Since the consumer of the workflow completely controls the triggers of their calling workflow, anyone who wants to limit which sites get published can do so by limiting the workflow triggers (triggering on only PRs or pushes, limiting the branches and tags, etc.); this does not need customization in the workflow.

Setting up GitHub Pages for the first time

If your repository already has GitHub Pages set up, it might be best to post a Q&A Discussion first if you have anything existing you would like to preserve, or if you have a specific way in mind that deviates from what is described here.

Enabling GitHub Pages

The shared workflow currently only works when Pages is set up on the gh-pages branch.

Setting up the branch

To start, we will create an orphan branch with no content:

git switch --orphan gh-pages

This should create a completely empty branch. Some files that were .gitignored in your repository may show up; be sure not to add or commit those.

Now we need to push the branch, but to do so there needs to be at least one commit.

Since the root of our Pages site will not actually host the collection documentation, it makes sense to redirect the root to the branches/main/ path (which will not exist yet but that is ok). To do that, create a new file index.html with this content:

<!DOCTYPE HTML>
<html lang="en">
    <head>
        <meta charset="utf-8">
        <meta http-equiv="refresh" content="0;url=https://owner.github.io/repository/branch/main/" />
    </head>
    <body>
        <h1>
            The page has been moved to <a href="https://owner.github.io/repository/branch/main/">https://owner.github.io/repository/branch/main/</a>
        </h1>
    </body>
</html>

The URL used will depend on your Pages configuration. Typically, the domain is owner.github.io where owner is your user name or organization. Collections under the ansible-collection organization for example will use ansible-collectons.github.io.

The repository portion of the URL is the name of the repository (without the owner). For many collections this is namespace.collection.

So for the ansible-collections/community.general repository, the base URL is https://ansible-collections.github.io/community.general.

In this file, we ensure that the root of that site redirects to the docs for the main branch.

If the redirect is not desired that is ok too, but we still need to commit something to push the branch. In that case, we can use the .nojekyll file which will be required anyway (the workflow already ensures this file exists when it runs, but it does not hurt to create separately).

touch .nojekyll

With either (or both) files created, add and commit them, and then push (adjust commands as needed):

git add index.html
git commit -m 'redirect root to branches/main'
git push -u upstream gh-pages

If you clone your repo directly push to origin, or adjust as needed.

Enabling Pages

If you have permissions to enable Pages, then pushing the branch may have been enough to enable Pages automatically.
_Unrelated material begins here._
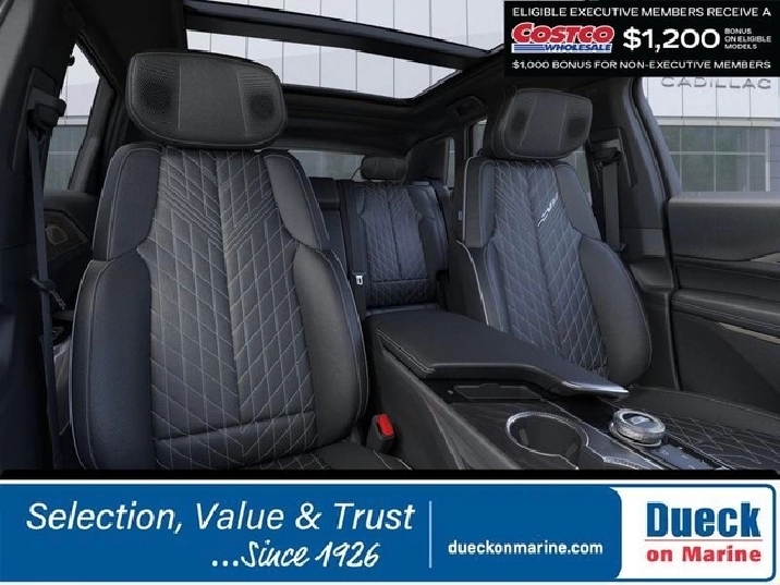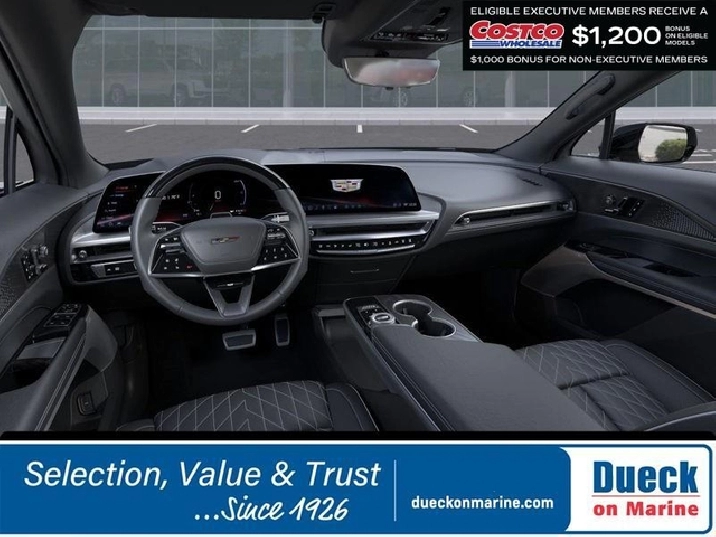 Our hard-to-find 2026 Cadillac LYRIQ-V Premium AWD in Stellar Black Metallic radiates electrified elegance with groundbreaking all-wheel drive performance, futuristic design, and zero-emission luxury that redefines what it means to drive electric. Powered by Dual Electric Motors providing a combined 615hp to a Single Speed Automatic transmission for fierce acceleration. Tuned for dynamic handling, this All Wheel Drive SUV also features a 102kWh Ultium battery pack for nearly 450 kilometers of anxiety-free EV travel. Our LYRIQ-Vs have Velicity Max with launch Control to send you to 60mph in 3.3 seconds, plus they show LED lighting that delivers a choreographed welcome sequence as you approach. It's a fantastic sight that complements a fixed-glass roof, Brembo braking, continuous damping suspension, 22-inch reverse rim wheels, a power liftgate, and Charge Network Access.Move to our V-Series Premium cabin to discover heated Nappa power front seats, a reclining second row, a heated power steering wheel, dual-zone automatic climate control, and ambient lighting. A 33-inch digital dashboard is command central with touchscreen control, Google built-in, wireless Android Auto®/Apple CarPlay®, Bluetooth®, wireless charging, WiFi compatibility, and a seven-speaker sound system. It's an eye-catching interior that treats you right!Cadillac engineers this machine for safer journeys with smart driver assistance, including enhanced automatic braking, adaptive Super Cruise control, blind-spot intervention, head-up display, lane-keeping assistance, HD surround vision, automatic parking assistance, and more. A sophisticated utility vehicle, our LYRIQ-V Premium moves you in masterful harmony! Save this Page and Call for Availability. We Know You Will Enjoy Your Test Drive Toward Ownership! Dueck on Marine is located at 400 S.E. Marine Drive in Vancouver BC. We look forward to helping you trade-in your old car or SUV, helping you find your next new or used vehicle and then helping you complete the purchase with the financing and purchase option that is best for you. Dealer #8430. Taxes and $795 Administration fee excluded in prices.While every reasonable effort has been made to ensure the accuracy of the details and pricing on this website, errors may occur. Please contact the dealership to confirm all information and pricing.

A new GitHub Actions workflow will have triggered to take care of building and publishing pages (this is not a workflow you can edit, but you can watch its progress along with other workflows).

To check for sure, visit the repository settings and click Pages on the left side navigation.

Enabling Pages is done by choosing a branch and a folder. The gh-pages branch should be chosen, with / (root) as the folder.

image

Using the workflow

With GitHub Pages enabled, the workflows do the rest of the work of rendering docs and pushing them to gh-pages branch for publishing.

You can always switch to the gh-pages branch, pull it down, and edit or change anything you like.